Sedlak, Lubomir, The New Presence: The Prague Journal of Central European Affairs


People in the Czech Republic have become accustomed to the fact that even white-collar workers (for instance teachers) sometimes participate in demonstrations in their country; but this year they watched as researchers, in particular those from the Academy of Sciences (AV CR), took to the streets--most recently on 6 October on Prague's Jana Palacha square. The reason behind the protests was a June proposal by the government's advisory body called the Council for Research, Development and Innovations. The proposal suggested that the Academy receive approximately 50 percent less money from the state by 2012.

THE ACADEMY VERSUS UNIVERSITIES

"What we object to, among other things, is that while our subsidies will gradually fall in the next three years to merely half of what they are now, funds for research at universities will stay more or less the same," said Professor Jiri Chyla, member of AV CR's Academic Council and a scientist at its Institute of Physics, to The New Presence. "As far as research goes, to say that universities produce more results is deceptive because if nothing else, we simply employ fewer workers than they do," he added.

At least one person who disagrees with such a claim is, however, Vladimir Haasz, vice-chairman of the aforementioned government council and deputy head of the Department of Measurement at the Faculty of Electrical Engineering of the Czech Technical University (CVUT). "In the past five years, universities in this country have simply achieved, at the same cost, better research results than the academy, which has turned out to be less dynamic," he believes.
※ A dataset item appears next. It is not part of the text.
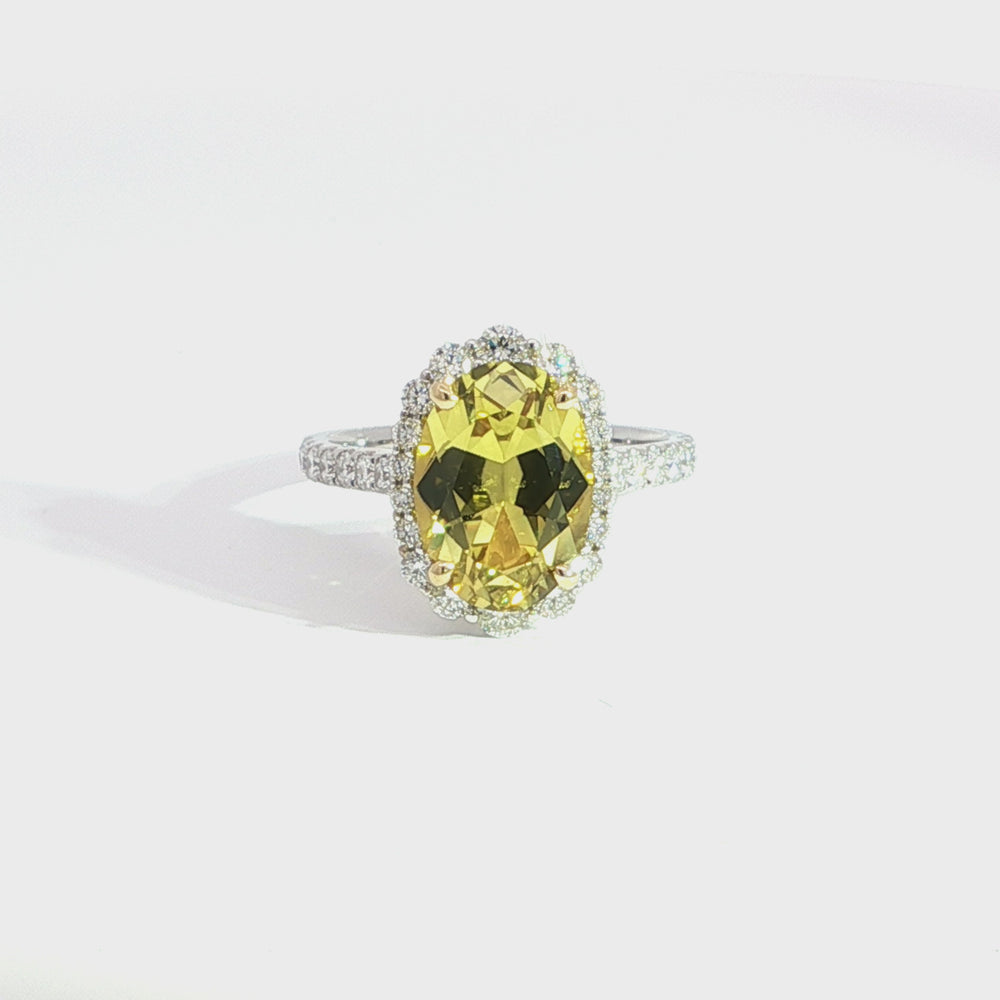 Exquisite ring featuring a central oval shaped Australian Yellow Sapphire, celebrated for its radiant yellow hue. This brilliant cut gemstone is securely mounted in a white and yellow gold setting finished with white gold. The ring showcases exceptional craftsmanship, with meticulous attention to detail in its composition and arrangement of stones, creating a harmonious balance.
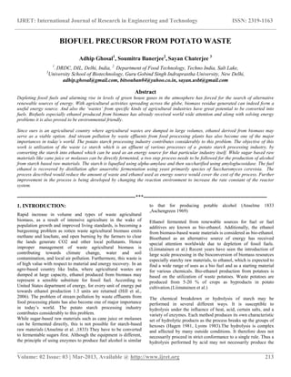 The document discusses the potential of converting potato waste into biofuel, specifically ethanol, as a renewable energy source to combat fossil fuel depletion and environmental issues. It outlines the process of converting starch to ethanol through liquefaction, saccharification, and fermentation using specific enzymes and yeast, highlighting the need for improved efficiency in ethanol production. The study emphasizes the economic viability of utilizing agricultural waste, particularly potatoes, in producing bioethanol and mitigating waste management problems in the food processing industry.

Perhaps the reader wonders whether it is possible to define success, as far as scientific research goes, in the first place. Well, the real yardstick, especially in so-called basic research, is found in the number of articles published in various publications, primarily foreign journals such as Nature or The New Scientist, which have a multinational character and are highly influential. To a certain extent, it also matters how many articles local researchers have published in their own country's periodicals, as well as in, for example, global databases or various books of …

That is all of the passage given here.